Print the data below exactly as it stands, and keep the pictures out.

(Entries taken from a collection)
= Beginning of Section =

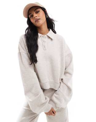 ASOS DESIGN Button Up Collared Sweatshirt In Oatmeal - Part Of A Set-neutral
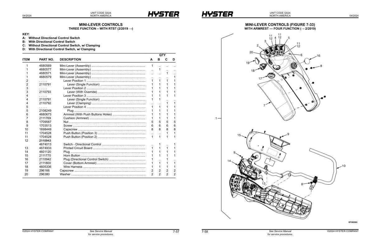 HAND LEVERS FOUR FUNCTION - WITHOUT DETENTED LEVERS (3/2019 →)
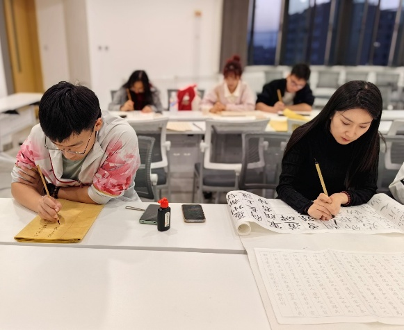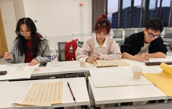 每周二下午6点,国学社成员及书法爱好者们齐聚GXA501教室,共同临摹诗词字帖,在交流互动环节,同学们以书为桥、以字会友。围绕软笔书法的进阶路径、传统书法艺术的守正创新、笔墨艺术与现代生活的融合等话题展开深度探讨,在思想的碰撞中相互启迪,在经验的分享中取长补短。
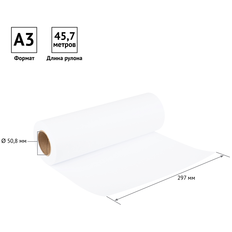 Размер бумажного полотна составляет 297 мм (11,7 in), что соответствует формату А3. Длина рулона - 45,7 м (150 ft). Внутренний диаметр втулки - 50,8 мм.
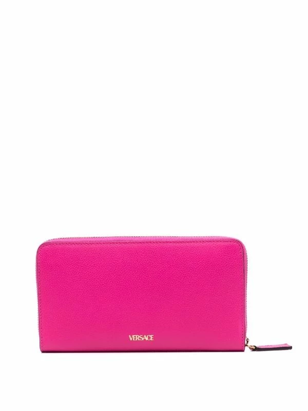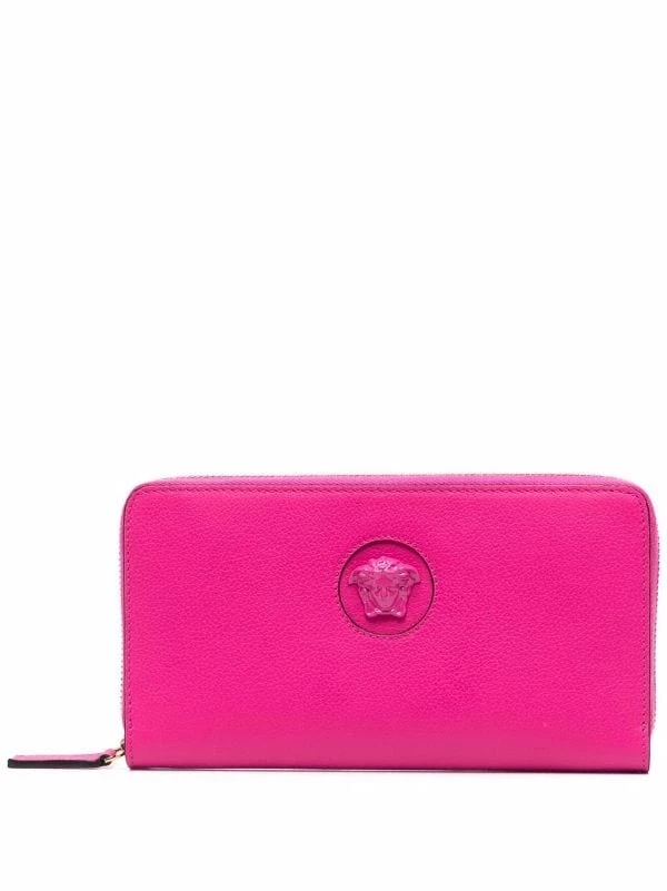 Détail Medusa, fermeture zippée sur le dessus, compartiments intérieurs pour carte, compartiment à billets intérieur, poche intérieure zippée. Couleur : rose. Matière : cuir.

= End of Section =

■ RESULT FOR THIS EXERCISE:
 ASOS DESIGN Button Up Collared Sweatshirt In Oatmeal - Part Of A Set-neutral
 HAND LEVERS FOUR FUNCTION - WITHOUT DETENTED LEVERS (3/2019 →)
 每周二下午6点,国学社成员及书法爱好者们齐聚GXA501教室,共同临摹诗词字帖,在交流互动环节,同学们以书为桥、以字会友。围绕软笔书法的进阶路径、传统书法艺术的守正创新、笔墨艺术与现代生活的融合等话题展开深度探讨,在思想的碰撞中相互启迪,在经验的分享中取长补短。
 Размер бумажного полотна составляет 297 мм (11,7 in), что соответствует формату А3. Длина рулона - 45,7 м (150 ft). Внутренний диаметр втулки - 50,8 мм.
 Détail Medusa, fermeture zippée sur le dessus, compartiments intérieurs pour carte, compartiment à billets intérieur, poche intérieure zippée. Couleur : rose. Matière : cuir.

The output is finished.